Re: Fishing Pocket Water
I have had very good success fishing pocket water with a big floater with a nymph dropper. The dropper would be a size 16 or 18 nymph tied off the bend of the hook. A 12" to 16" dropper seems about right. The floater would be a Stimulator, Royal Wulff, Irresistible Wulff or Royal Humpy. The Simulator or Royal Wulff being my favorite. I did catch a five pound Rainbow at Lee's Ferry with a Royal Humpy combo but I don't fish it as much, maybe I should. Of course this works in all types of wanter and not just pocket water.


Jimmie 03-06-2011 11:26 PM

Re: Fishing Pocket Water
I'm going to try that this season Frank. The pocket water that we are fishing has fast pockets about the size of your bathtub with rocks and wood. It's even easy to get the dries hung-up so it was hard to imagine just nymphs. The 12" dropper will get some action this year. Got to stick with the big dry fly though. It was amazing how many 6"-10" ers took a size 12 last year.

BigCliff 03-07-2011 11:00 AM

Re: Fishing Pocket Water
My favorite technique for fishing pocket water is called "bounce nymphing". Its akin to what the gear guys call "drop shotting" in that the weight is out on the far end and the hook/fly/lure above that.

Bounce Nymphing | Fish the bottom third of the water column more effectively with this deep-nymphing rig.

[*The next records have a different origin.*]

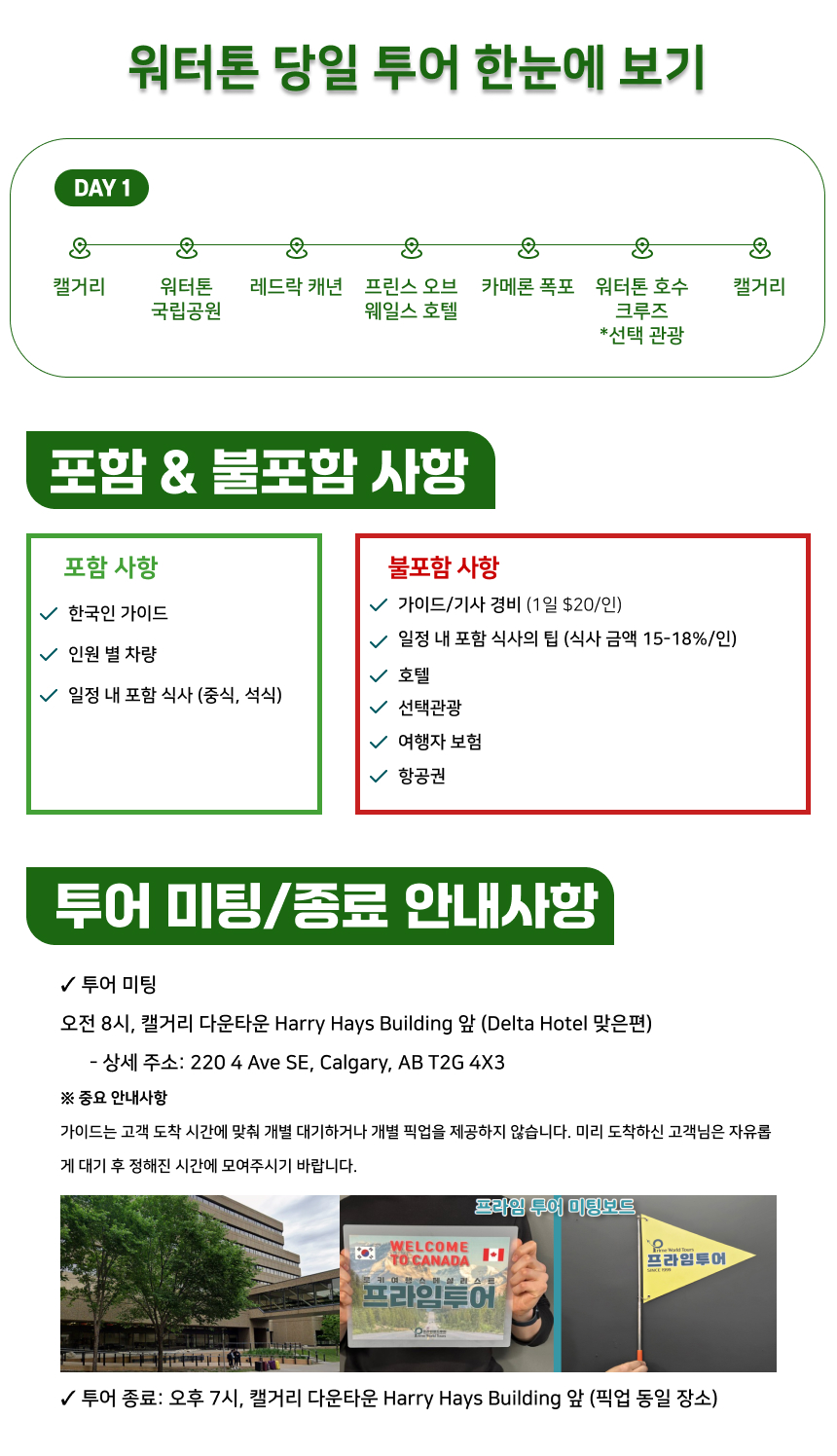 * 가이드는 고객 도착 시간에 맞춰 개별 대기하거나 개별 픽업을 제공하지 않습니다. 미리 도착하신 고객님은 자유롭게 대기 후 정해진 시간에 모여주시기 바랍니다.
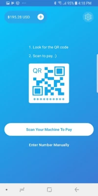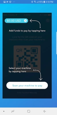 So far I haven't gotten it to work. It'll take my money, of course, but won't start my machine. QR won't scan, maybe too low light. App should allow the camera flash function while scanning QR. So I enter the machine ID manually... Doesn't work. And then it'll crash randomly, and has no "exit" function. So the app needs some work. All it does successfully is charge my bank and that's it. Fun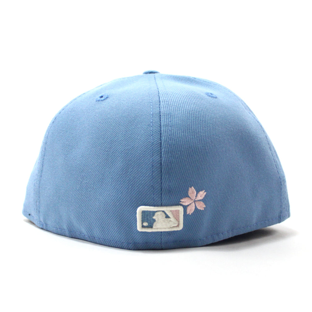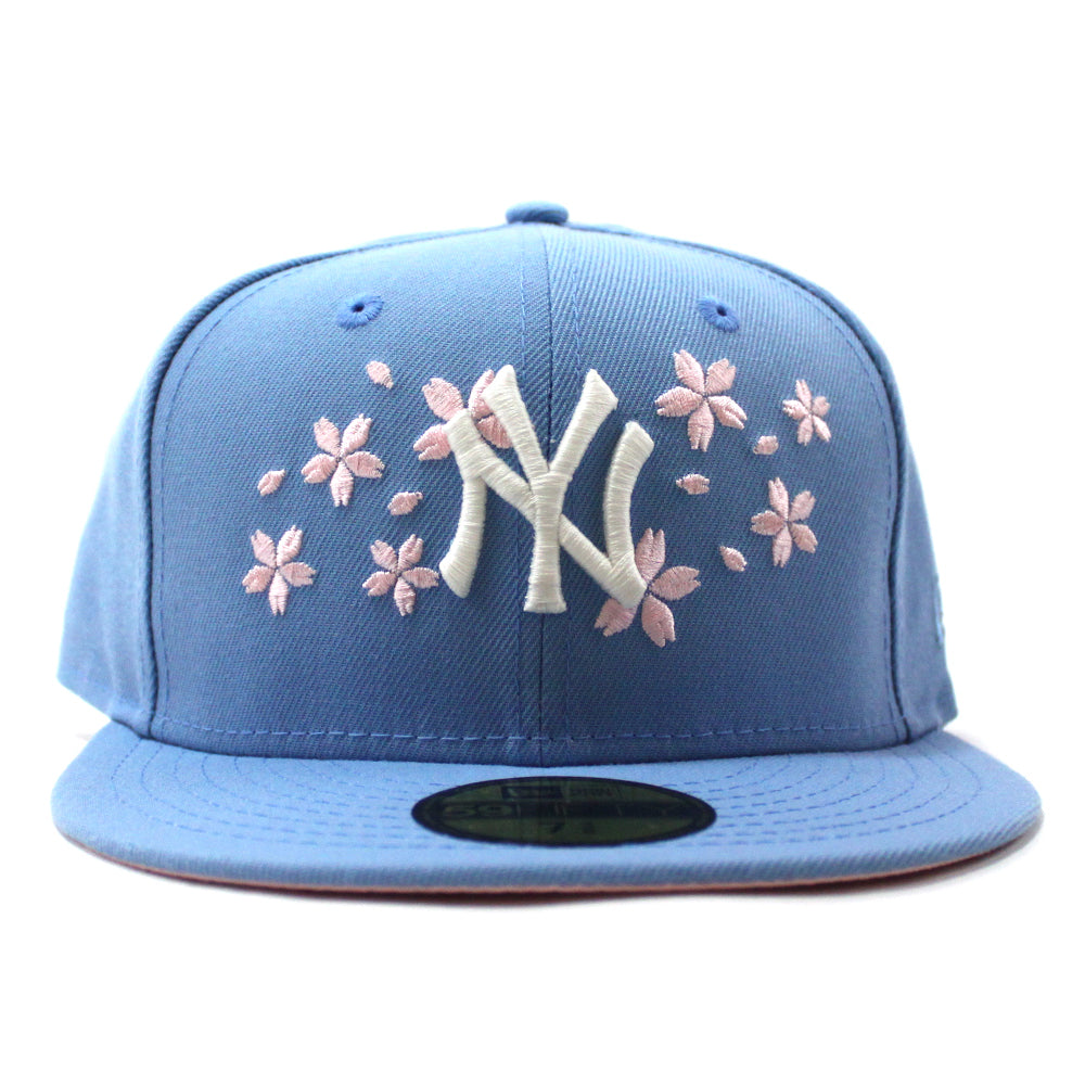 New York Yankees Cherry Blossom New Era 59Fifty Fitted Hat in Sky Blue & Pink Under Brim.

Using multiple small shot for your weight can also help snake through spots that larger flies/shot might hang up.

Ard 03-07-2011 01:30 PM

Re: Fishing Pocket Water

I'm a long ways from Colorado but I used to fish the river in question long ago. I fished the pockets two ways, in warm season I fished up stream using dry fly in size 14 - 16 and worked the current seams. In the winter months I used feather wings in size 4 - 6 and worked the same areas but with a decidedly different style due to the fly. I found some remarkable fish in the small eddies that are prolific on the river anywhere from the cable below the dam to the water below Deckers. The population drops below Deckers and I'm not sure why but when you had a trout take the streamers they were often hooked solidly. Fishing streamers in conditions like you have on the S.P. requires control of the fly, once you have your technique down the fish are not impossible in the least.

Although I have pulled fish from the swift stuff using nymphs, 95% of the time I was working a streamer through the river. The advice for nymphing comes from those with more experience at this type presentation so if you are concerned with nymphing I would follow the tips the members have given.